Keyboard apps are the new frontier for AI agents, and Acti is charging ahead. The company just dropped a smartphone keyboard that doesn't just predict your next word – it brings full-fledged AI agents into your typing flow. Want to book a flight? Just type 'book a flight to NYC next Friday' and an agent handles the rest. No app switching, no copy-pasting.

This is the kind of integration that makes you wonder why no one did it sooner. Your keyboard is the one app you use constantly – it's the gateway to every other app. By embedding agents there, Acti turns your thumbs into a command center. The demo is slick: type a request, an agent pops up, confirms details, and executes across apps using on-device or cloud AI.

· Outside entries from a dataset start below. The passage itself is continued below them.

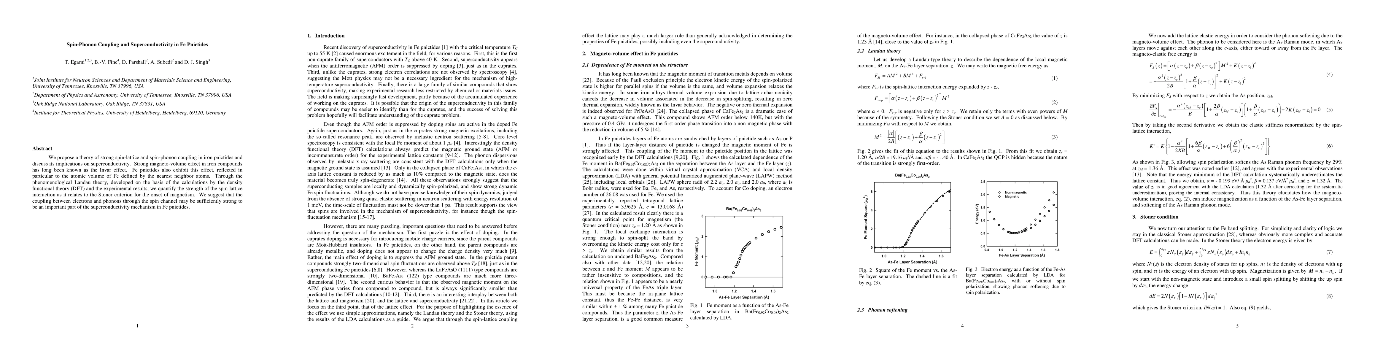 We propose a theory of strong spin-lattice and spin-phonon coupling in iron pnictides and discuss its implications on superconductivity. Strong magneto-volume effect in iron compounds has long been known as the Invar effect. Fe pnictides also exhibit this effect, reflected in particular to the atomic volume of Fe defined by the nearest neighbor atoms. Through the phenomenological Landau theory, developed on the basis of the calculations by the density functional theory (DFT) and the experimental results, we quantify the strength of the spin-lattice interaction as it relates to the Stoner criterion for the onset of magnetism. We suggest that the coupling between electrons and phonons through the spin channel may be sufficiently strong to be an important part of the superconductivity mechanism in Fe pnictides.
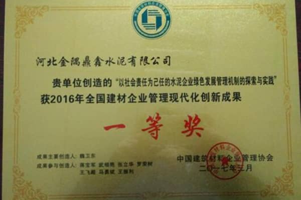 以質(zhì)量贏信譽(yù),以服務(wù)贏市場(chǎng)。通過質(zhì)量制度的保證、先進(jìn)工藝的引進(jìn)、優(yōu)良的售后服務(wù)等,不斷提高品牌的知名度、美譽(yù)度,“鼎鑫”牌水泥先后獲得了“河北省名牌產(chǎn)品”、“河北省著名商標(biāo)”等多項(xiàng)殊榮。并成為水泥行業(yè)率先通過產(chǎn)品、質(zhì)量、安全、環(huán)境、能源、測(cè)量六位一體管理體系認(rèn)證的企業(yè),是石家莊市工業(yè)50強(qiáng)和鹿泉市工業(yè)20強(qiáng)企業(yè)之一,并入圍“國(guó)家重點(diǎn)支持60家水泥工業(yè)結(jié)構(gòu)調(diào)整大型企業(yè)”名單。被國(guó)家發(fā)改委、工信部、環(huán)保部以及水泥協(xié)會(huì)等聯(lián)合評(píng)定為全國(guó)5000家水泥企業(yè)中的16家能效領(lǐng)跑企業(yè)之一,也是全國(guó)大型集團(tuán)環(huán)保標(biāo)桿企業(yè)。公司還是石家莊市唯一一家獲得第三屆石家莊市政府質(zhì)量獎(jiǎng)組織獎(jiǎng)和個(gè)人獎(jiǎng)雙項(xiàng)獎(jiǎng)項(xiàng)的單位,也是建材行業(yè)唯一一家獲得中國(guó)質(zhì)量協(xié)會(huì)2016年全國(guó)實(shí)施卓越績(jī)效模式先進(jìn)企業(yè)稱號(hào)的單位,榮獲2016年度河北省推行卓越績(jī)效模式優(yōu)秀企業(yè)稱號(hào)。
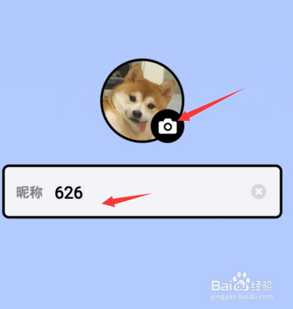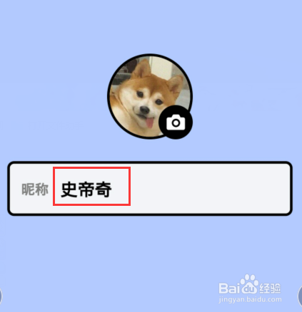 第四:昵称点窜完毕点击头像下边的【摄像机按钮】。
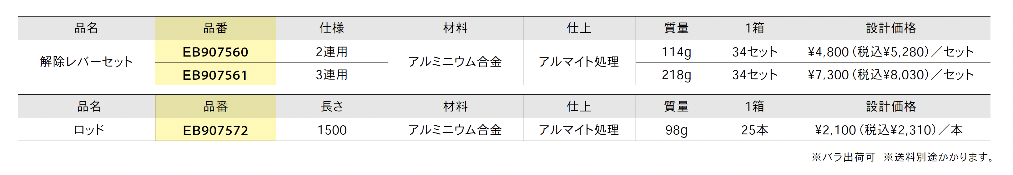 折りたたみ棚受用 一括解除レバーセット 幅広用 PAT
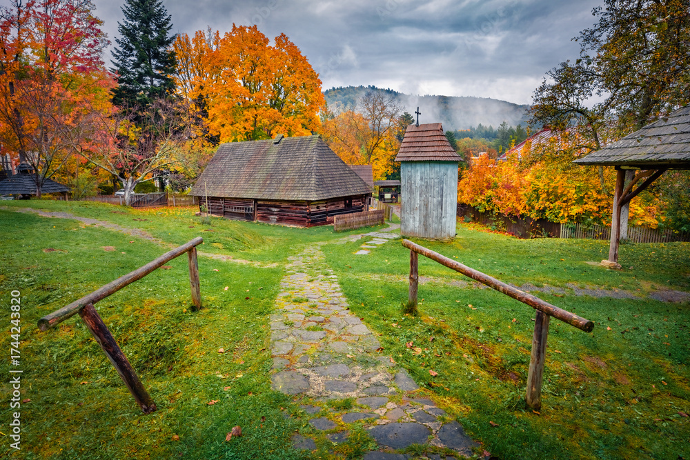 WEBLUX obraz na plátně 1D, 3D, 4D, 5D - Colorful autumn view of old wooden houses, Slovalia, Europe. Spectacular morning scene of Bardejov Spa resort. Traveling concept background.
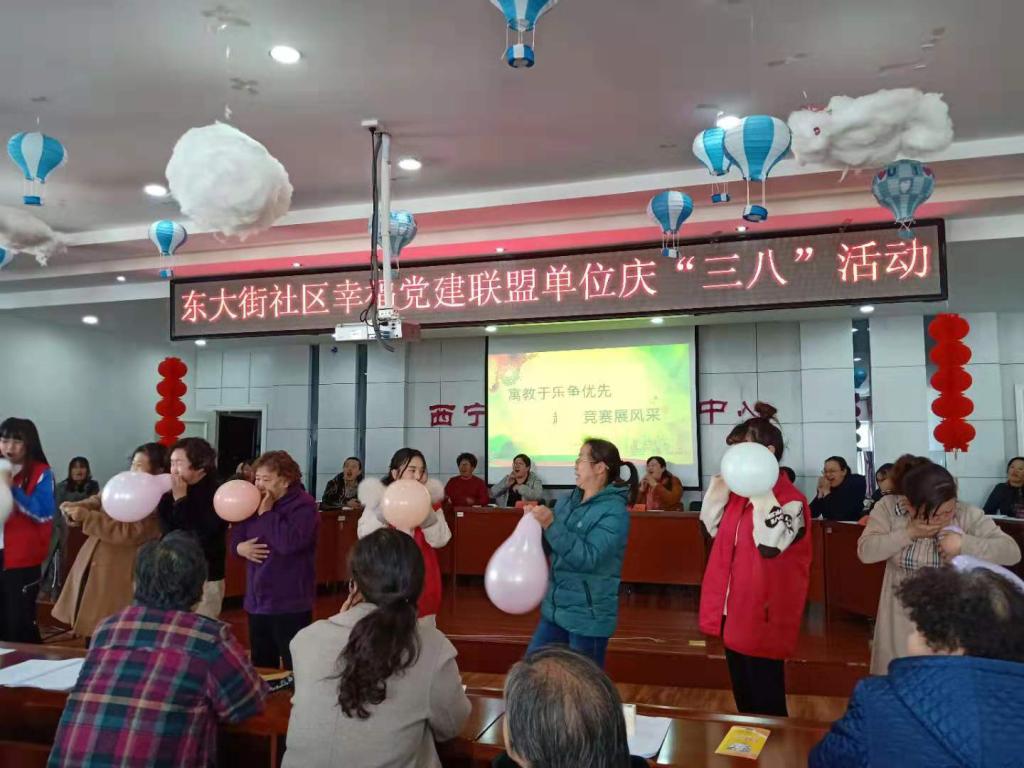 为了提高妇女对自身权益知识的掌握,同时更好的展现巾帼风采,以健康向上,充满活力的精神面貌树立妇女形象,在第109个国际妇女节来临之际,饮马街街道东大街社区党委联合辖区8个“幸福党建”联盟单位以及辖区居民共60余人,开展“寓教于乐争优先,趣味竞赛展风采”为主题的趣味知识竞赛。

Privacy red flags waving. Your keyboard already sees everything you type – now imagine that data flowing to an AI agent that might summarize your emails, check your calendar, or even send messages on your behalf. Acti claims on-device processing for sensitive tasks, but the cloud path remains. Do you trust a keyboard company with your life's data?

Let's be real: the convenience is undeniable. I've typed 'remind me to buy milk' and 'send my location to Mom' and it just worked. No friction. But the trade-off is monumental. Every keystroke is potential training data or surveillance input. Acti needs to be transparent about what stays local and what goes to the cloud.

Why it matters: Keyboard AI agents could become the universal interface for digital tasks – but only if we can trust them. Acti has a lead, but the window is closing. Users will vote with their downloads, and privacy advocates are already watching. This is either the future of mobile interaction or a privacy nightmare waiting to happen.